In SLAPE, the semiconducting materials in conjunction with an electrochemically stable organic solvent (NWF) such as, γ-butyrolactone are employed to capture the complete sunlight reaching the earth surface (infrared portion of the sunlight is captured by the γ-butyrolactone and the remaining portion of the sunlight) is captured by the semiconducting material such as Si in SPVCs and black silicon wafers, when they are together exposed to the sunlight [
1]. This latter method of capturing sunlight by semiconducting material in conjunction with organic solvent is referred to as the “SLAPE”. When the semiconducting materials of either inorganic or organic type with band-gap energies in the range of 0.5-3.2 eV are fully immersed in γ-butyrolactone and exposed to the sunlight, they can together absorb more than >80% of the sunlight falling on them.
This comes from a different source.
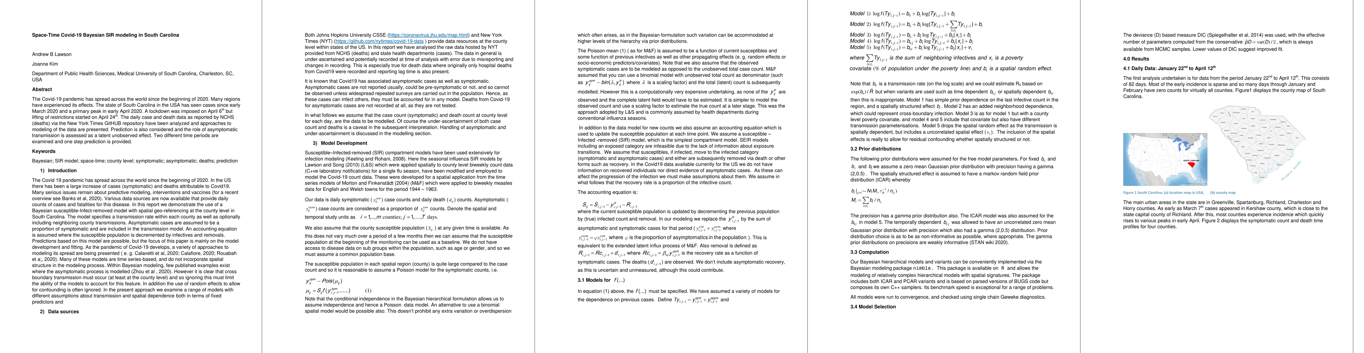 The Covid-19 pandemic has spread across the world since the beginning of 2020. Many regions have experienced its effects. The state of South Carolina in the USA has seen cases since early March 2020 and a primary peak in early April 2020. A lockdown was imposed on April 6th but lifting of restrictions started on April 24th. The daily case and death data as reported by NCHS (deaths) via the New York Times GitHUB repository have been analyzed and approaches to modeling of the data are presented. Prediction is also considered and the role of asymptomatic transmission is assessed as a latent unobserved effect. Two different time periods are examined and one step prediction is provided.

If the semiconducting particles are suspended in γ-butyrolactone are exposed to the sunlight, they can absorb the maximum light energy as they can be packed with 100% packing factor like liquid crystal display (LCD) screen. In such a case, all the three concepts viz.: SLAPE, NAPE and SAPE are operative together in synchronization [
1]. In order to realize such a combined effect to capture the sunlight to generate heat-energy, in this study, the multicrystalline SPVCs in conjunction with γ-butyrolactone as non-working fluid (NWF) were employed to capture the sunlight and to generate heat energy to boil DCM working fluid (WF) present in a copper tube conduit. Thus
in situ generated heat-energy from the captured sunlight upon exposure of the SLAPE solar panels fabricated in this study was converted into electricity using custom made electric generator and commercially available laboratory scale reciprocally moved steam engine [
1]. Thus obtained results obtained in these experiments are presented and discussed in this article.